Vous trouverez d'abord  une liste des livres que j'ai écrits (rubrique "en V.O.") ou traduits (rubrique "Traduit de l'allemand"), ainsi que des extraits des articles que la presse leur a consacrés (en page "Presse en VO" et "Traductions dans la presse"). 

Dernières nouvelles en date: La Cravate de Milena Michiko Flasar, un chef d'oeuvre pour lequel le traducteur, une fois n'est pas coutume, n'est pas ignoré par la presse (voir ci-dessous). Au printemps dernier ont paru un thriller grave et lumineux de Martin Suter, Le Temps, Le Temps, chez Christian Bourgois et deux livres d'histoire majeure pour comprendre la violence du Troisième Reich et la manière dont sa mémoire s'efface au fil des générations: Soldats et Grand-père n'était pas un nazi, (Gallimard Essais), deux livres où Harald Welzer joue un rôle moteur et dont je publierai d'ici quelques jours des extraits de critiques.

 

L'Ecole de Traduction Littéraire créée par le Centre National du Livre et placée sous ma direction poursuit ses activités.
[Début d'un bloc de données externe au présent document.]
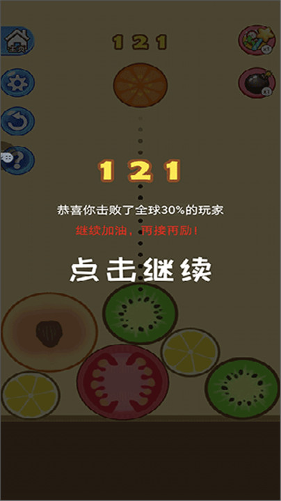 1、按住把球球拖到正确的位置,抛下去,合成更加的水果。

Une aventure exceptionnelle, menée avec les traducteurs les plus expérimentés du moment dans toutes les langues possibles, une école animée pour les traducteurs littéraires par des traducteurs littéraires mais où tous les acteurs de la chaîne du livre, des éditeurs aux correcteurs en passant par les commerciaux ou les chefs de fabrication, interviennent aussi.

 

L'école a ouvert ses portes le 12 janvier 2013 pour une session longue de deux ans, avec 16 élèves pratiquant un total de 14 langues.

 

Vous trouverez tous les renseignements, et le programme de l'année 2014, sur le site de l'école:

 

http://www.etl-cnl.fr/

 

 

 

 

Un peu d'autopromotion, une fois n'est pas coutume: en rendant mon texte à Laurence Renouf, éditrice aux éditions de l'Olivier, j'avais, sans doute pour la première fois, l'impression d'avoir frôlé quelque chose comme le germe d'un début de beau travail. Je ne m'étais peut-être pas trompé. Ce livre est une splendeur de finesse et d'intelligence, un joyau au lange ciselé dans ses moindres détails, et d'une sensibilité exacerbée, un lexte "lumineux et serein", comme l'écrit Pierre Deshusses dans Le Monde, un "cri lancinent de silence", comme l'écrit Camille Luscher dans Le Temps.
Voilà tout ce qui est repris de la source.